-- Exercise data --
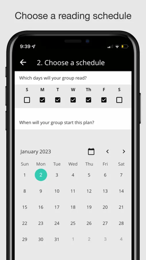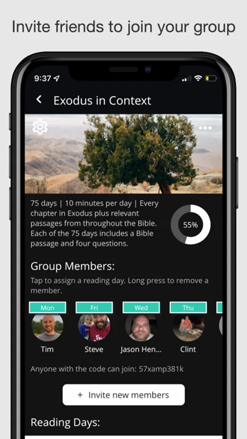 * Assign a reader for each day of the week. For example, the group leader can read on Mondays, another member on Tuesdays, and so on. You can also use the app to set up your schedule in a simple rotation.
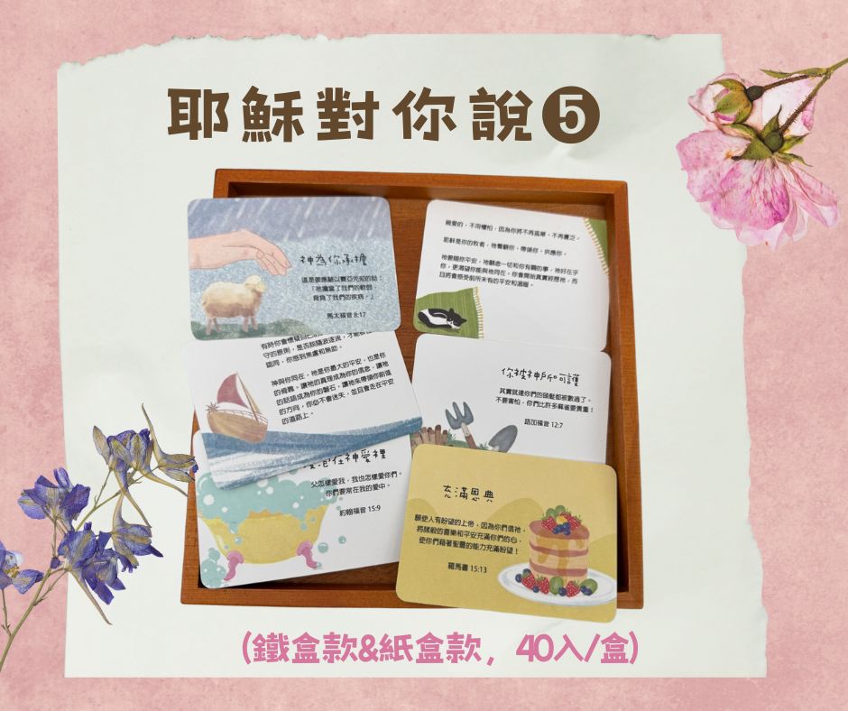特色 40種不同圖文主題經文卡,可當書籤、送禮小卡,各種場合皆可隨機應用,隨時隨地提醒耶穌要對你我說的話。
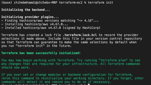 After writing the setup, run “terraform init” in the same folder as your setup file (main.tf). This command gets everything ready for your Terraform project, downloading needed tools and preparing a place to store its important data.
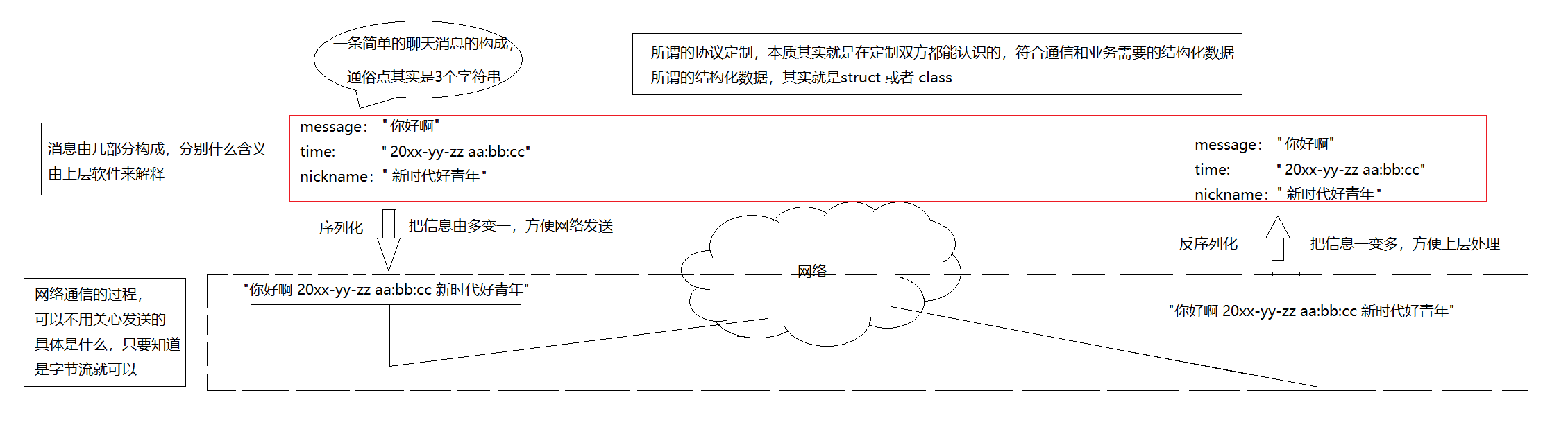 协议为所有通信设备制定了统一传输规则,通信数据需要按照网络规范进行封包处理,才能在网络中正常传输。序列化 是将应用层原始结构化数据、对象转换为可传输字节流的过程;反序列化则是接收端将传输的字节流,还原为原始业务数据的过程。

-- Aim of the exercise --
None of the pictures should appear, though every line of the data above must be reproduced exactly.

-- Result below --
 * Assign a reader for each day of the week. For example, the group leader can read on Mondays, another member on Tuesdays, and so on. You can also use the app to set up your schedule in a simple rotation.
特色 40種不同圖文主題經文卡,可當書籤、送禮小卡,各種場合皆可隨機應用,隨時隨地提醒耶穌要對你我說的話。
 After writing the setup, run “terraform init” in the same folder as your setup file (main.tf). This command gets everything ready for your Terraform project, downloading needed tools and preparing a place to store its important data.
 协议为所有通信设备制定了统一传输规则,通信数据需要按照网络规范进行封包处理,才能在网络中正常传输。序列化 是将应用层原始结构化数据、对象转换为可传输字节流的过程;反序列化则是接收端将传输的字节流,还原为原始业务数据的过程。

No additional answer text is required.